# WORK TASK:
Pictures stay out; please output the remaining data exactly.
RECORDS SUPPLIED: Begin
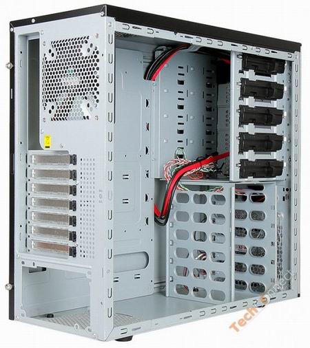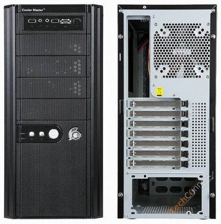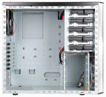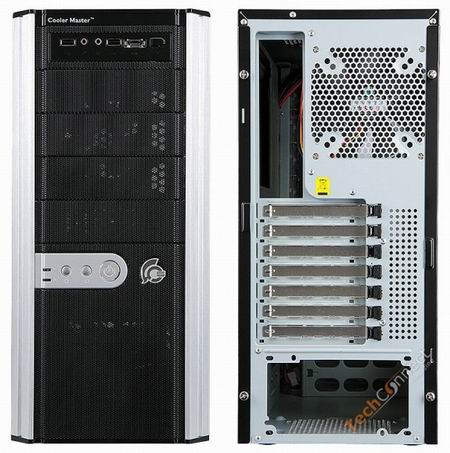 Габариты новинки - 202x440x485мм, на передней панели мы можем увидеть четыре слота для 5.25 дюймовых устройств, два USB 2.0 порта, eSATA порт, FireWire и аудиовход. Изготовитель не поленился приложить некий переходник, что позволит установить два 2.5 (или 1.8) дюймовых устройства в места для 3.5 дюймовых, это довольно разумно, учитывая растущую популярность SSD. В шасси предустановлены два вентилятора - 140мм (1200 оборотов в минуту, уровень шума - 19 децибел) с голубой светодиодной подсветкой спереди и классическая стодвадцатка (1200 оборотов в минуту, уровень шума - 17 децибел) сзади. Цветовые решения - полностью чёрный или же чёрный в унисон с серебряным.
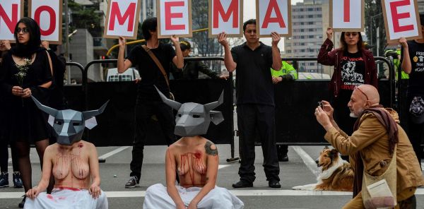 Зоозащитники устроили протест вблизи Плаза де Торос де Сантамария в Боготе, требуя запрета корриды. Шесть полуголых женщин-активисток олицетворяли собой быков, которых убивают во время кровавого развлечения. Защитники животных также готовят два законопроекта, которые запретят корриду и другие пытки животных в различных шоу.
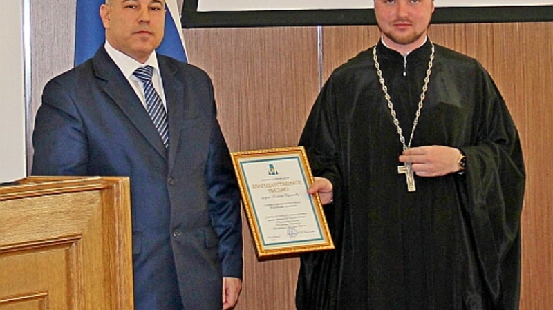 Помощник губернатора области Максим Бондарев зачитал послание главы региона и от его имени вручил памятные грамоты служителям Южно-Сахалинской и Курильской епархии, внесшим большой вклад в строительство и открытие нового кафедрального собора Рождества Христова.
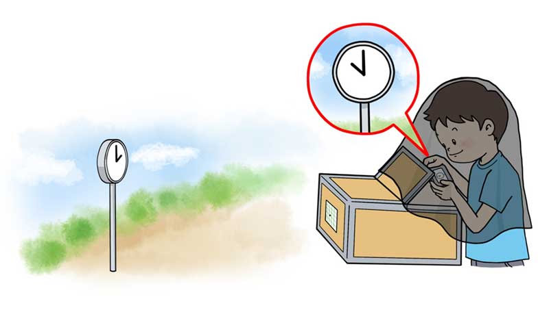 わかりやすい風景を選んで、その方向にだんボール箱の小さい丸い穴を向けます。
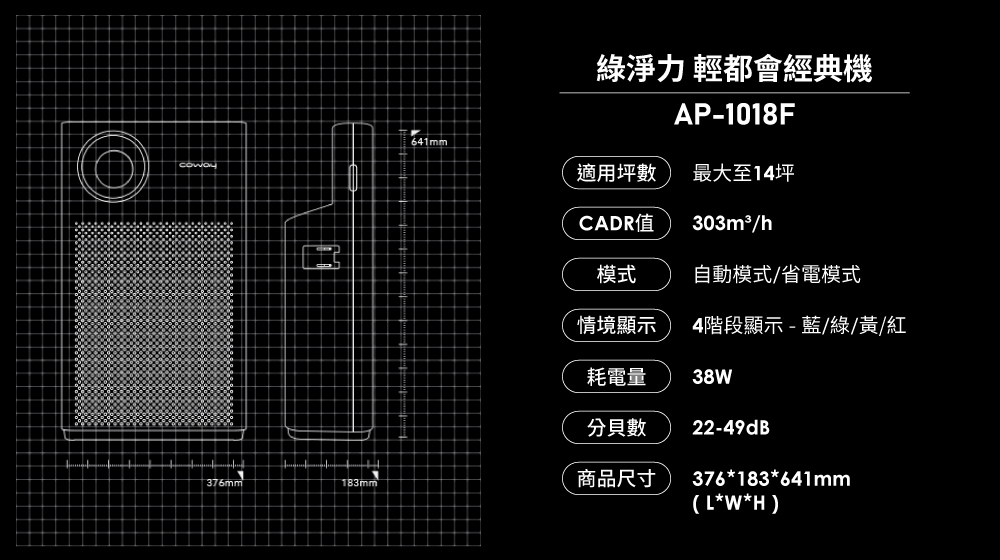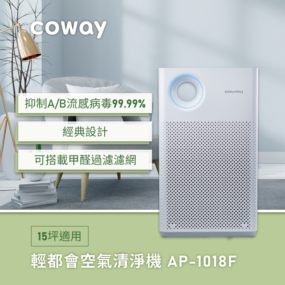 【經認證抑制冠狀病毒】Coway綠淨力輕都會經典機|AP-1018F
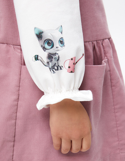 Романтичный лонгслив оттенка молоко для девочки. Модель прямого силуэта. Воротник-стойка из рибаны. Рукав заканчивается нежной сборкой на тонкую эластичную ленту. Лонгслив дополнен авторскими лаконичными принтами.
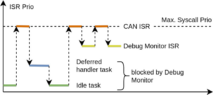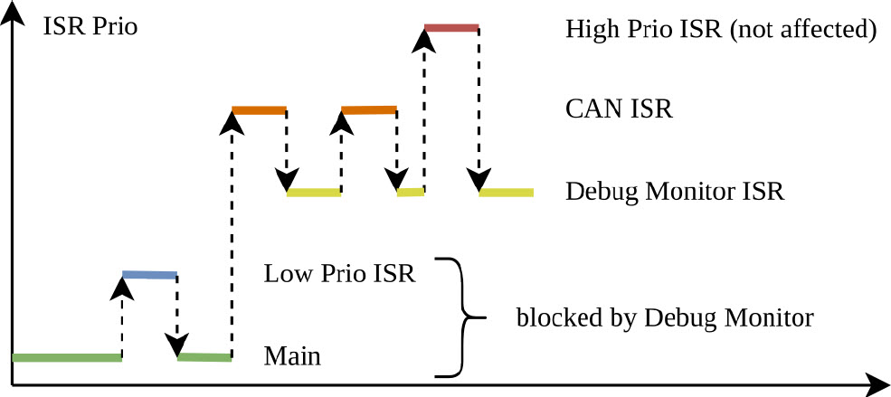 There are two important interrupts in the target system: the communication (CAN) interrupt and the DebugMonitor interrupt.
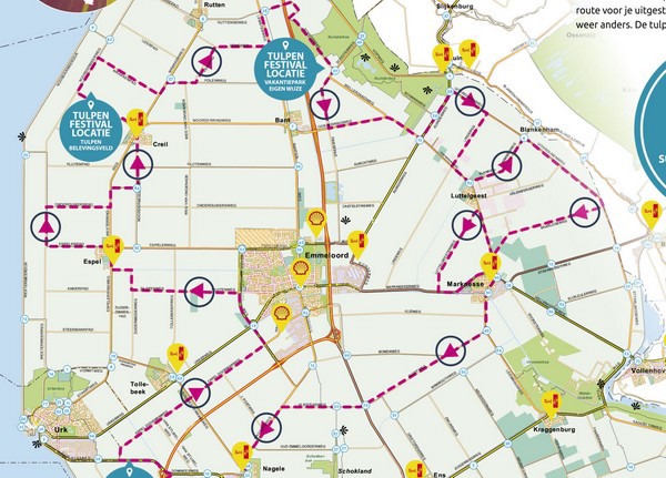 Het Tulpenfestival heeft een ‘coronaproof’ autoroute uitgezet van ongeveer 88 kilometer. Een prachtige autoroute langs de vele tulpenvelden in de Noordoostpolder.
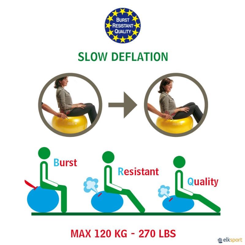 Bola gigante da Gymnic fabricada em vinil decorado, com um nível de flexibilidade semelhante ao das bolas gigantes, mas com o sistema BRQ anti-explosão — em caso de furo, a bola esvazia-se lentamente. Este sistema é eficaz com um peso máximo de 120 kg.
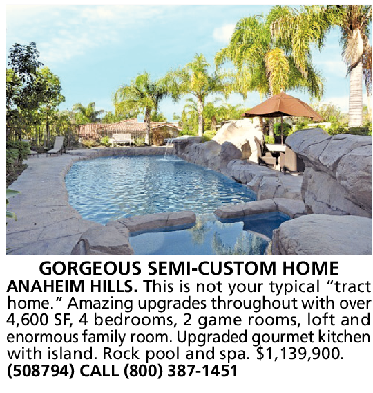 GORGEOUS SEMI-CUSTOM HOME ANAHEIM HILLS. This is not your typical “tract home.” Amazing upgrades throughout with over 4,600 SF, 4 bedrooms, 2 game rooms, loft and enormous family room. Upgraded gourmet kitchen with island. Rock pool and spa. $1,139,900. (508794) CALL (800) 387-1451
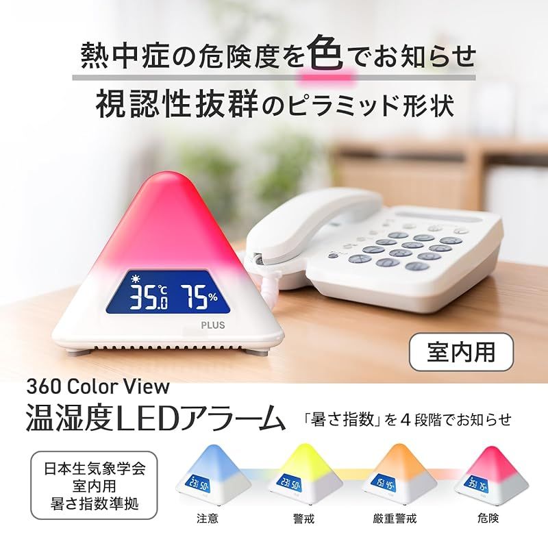 プラス 温度湿度計 猛暑 熱中症対策 温湿度LEDアラーム 色でお知らせ 通知 4段階警告 夏 冬切替 AT TH 03 0
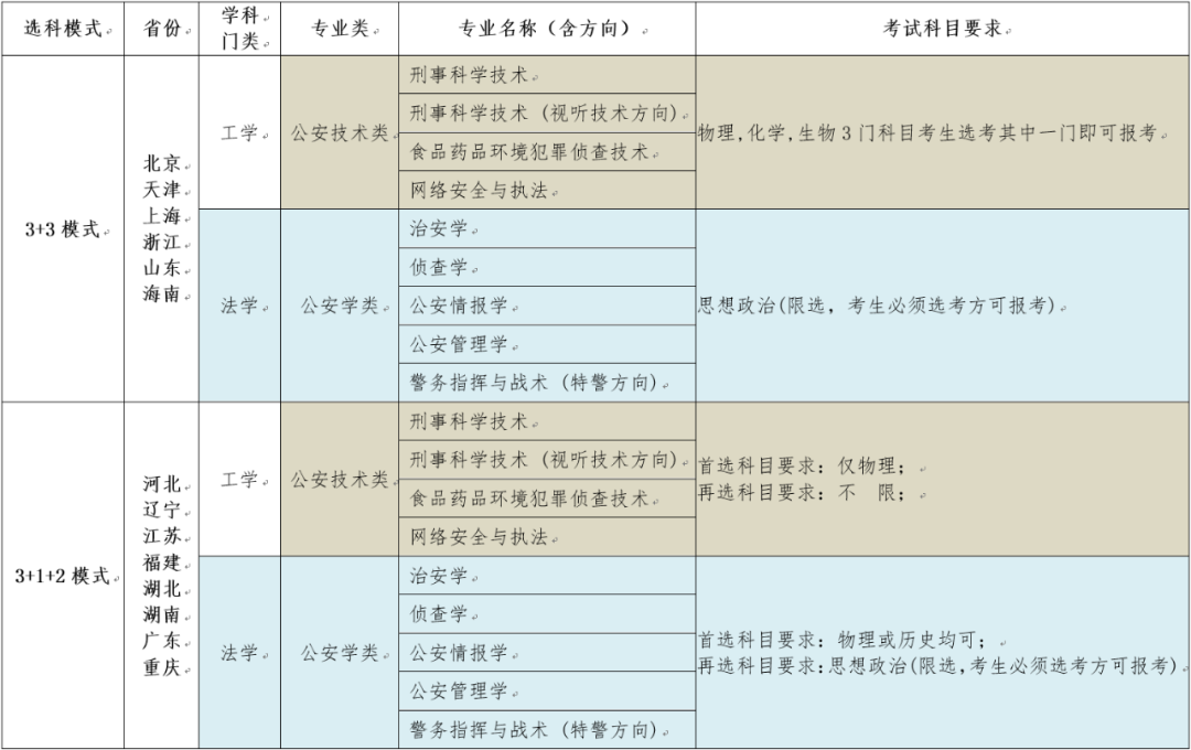 (1)首选科目为 “物理”的考生可以报考公安技术类所有专业,对2门再选科目不另做必选要求。
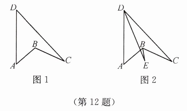 12. (1)如图1所示,求证:∠ABC= ∠A+∠C+∠ADC。
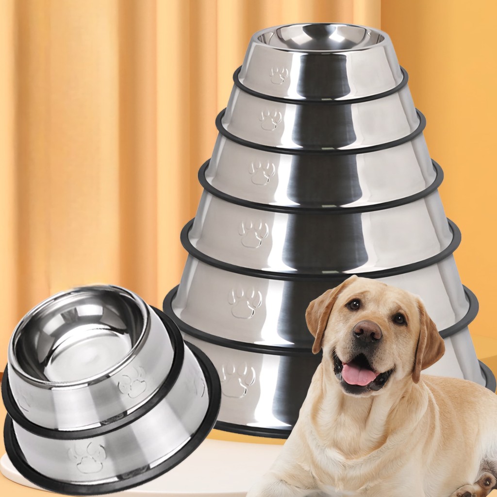 Tempat Makan Hewan Anti Slip Mangkuk Makan Kucing dan Anjing Bahan Stainless Steel Tebal Mangkok Besi Hewan Anti Karat
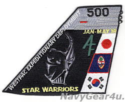 NASウィッドビーアイランドをホームベースとするCVWP(TSW)のEA-18Gグラウラー飛行隊VAQ-209"スターウォーリアーズ"(AF)の2018年のPACOMディプロイメントを記念したパッチ"WESTPAC EXPEDITIONARY DEPLOYMENT"。同隊はVAQ-134と交替し2018年1月から5月までPACOMディプロイメント部隊としてコースノースグアム参加から、NAF三沢に展開、この間に三沢だけでなく、韓国へも展開している。パッチは同隊のEA-18G CVWP司令機"VADER ONE"(AF500)の垂直尾翼を象ったデザインで、ベイダーヘッドはリアルなハイブリッド仕様とした1枚。遠征中に訪問した日の丸、グアム州旗、韓国国旗がラダーにデザイン。
RECORDS SUPPLIED: End
# OUTPUT:
 Габариты новинки - 202x440x485мм, на передней панели мы можем увидеть четыре слота для 5.25 дюймовых устройств, два USB 2.0 порта, eSATA порт, FireWire и аудиовход. Изготовитель не поленился приложить некий переходник, что позволит установить два 2.5 (или 1.8) дюймовых устройства в места для 3.5 дюймовых, это довольно разумно, учитывая растущую популярность SSD. В шасси предустановлены два вентилятора - 140мм (1200 оборотов в минуту, уровень шума - 19 децибел) с голубой светодиодной подсветкой спереди и классическая стодвадцатка (1200 оборотов в минуту, уровень шума - 17 децибел) сзади. Цветовые решения - полностью чёрный или же чёрный в унисон с серебряным.
 Зоозащитники устроили протест вблизи Плаза де Торос де Сантамария в Боготе, требуя запрета корриды. Шесть полуголых женщин-активисток олицетворяли собой быков, которых убивают во время кровавого развлечения. Защитники животных также готовят два законопроекта, которые запретят корриду и другие пытки животных в различных шоу.
 Помощник губернатора области Максим Бондарев зачитал послание главы региона и от его имени вручил памятные грамоты служителям Южно-Сахалинской и Курильской епархии, внесшим большой вклад в строительство и открытие нового кафедрального собора Рождества Христова.
 わかりやすい風景を選んで、その方向にだんボール箱の小さい丸い穴を向けます。
 【經認證抑制冠狀病毒】Coway綠淨力輕都會經典機|AP-1018F
 Романтичный лонгслив оттенка молоко для девочки. Модель прямого силуэта. Воротник-стойка из рибаны. Рукав заканчивается нежной сборкой на тонкую эластичную ленту. Лонгслив дополнен авторскими лаконичными принтами.
 There are two important interrupts in the target system: the communication (CAN) interrupt and the DebugMonitor interrupt.
 Het Tulpenfestival heeft een ‘coronaproof’ autoroute uitgezet van ongeveer 88 kilometer. Een prachtige autoroute langs de vele tulpenvelden in de Noordoostpolder.
 Bola gigante da Gymnic fabricada em vinil decorado, com um nível de flexibilidade semelhante ao das bolas gigantes, mas com o sistema BRQ anti-explosão — em caso de furo, a bola esvazia-se lentamente. Este sistema é eficaz com um peso máximo de 120 kg.
 GORGEOUS SEMI-CUSTOM HOME ANAHEIM HILLS. This is not your typical “tract home.” Amazing upgrades throughout with over 4,600 SF, 4 bedrooms, 2 game rooms, loft and enormous family room. Upgraded gourmet kitchen with island. Rock pool and spa. $1,139,900. (508794) CALL (800) 387-1451
 プラス 温度湿度計 猛暑 熱中症対策 温湿度LEDアラーム 色でお知らせ 通知 4段階警告 夏 冬切替 AT TH 03 0
 (1)首选科目为 “物理”的考生可以报考公安技术类所有专业,对2门再选科目不另做必选要求。
 12. (1)如图1所示,求证:∠ABC= ∠A+∠C+∠ADC。
 Tempat Makan Hewan Anti Slip Mangkuk Makan Kucing dan Anjing Bahan Stainless Steel Tebal Mangkok Besi Hewan Anti Karat
 NASウィッドビーアイランドをホームベースとするCVWP(TSW)のEA-18Gグラウラー飛行隊VAQ-209"スターウォーリアーズ"(AF)の2018年のPACOMディプロイメントを記念したパッチ"WESTPAC EXPEDITIONARY DEPLOYMENT"。同隊はVAQ-134と交替し2018年1月から5月までPACOMディプロイメント部隊としてコースノースグアム参加から、NAF三沢に展開、この間に三沢だけでなく、韓国へも展開している。パッチは同隊のEA-18G CVWP司令機"VADER ONE"(AF500)の垂直尾翼を象ったデザインで、ベイダーヘッドはリアルなハイブリッド仕様とした1枚。遠征中に訪問した日の丸、グアム州旗、韓国国旗がラダーにデザイン。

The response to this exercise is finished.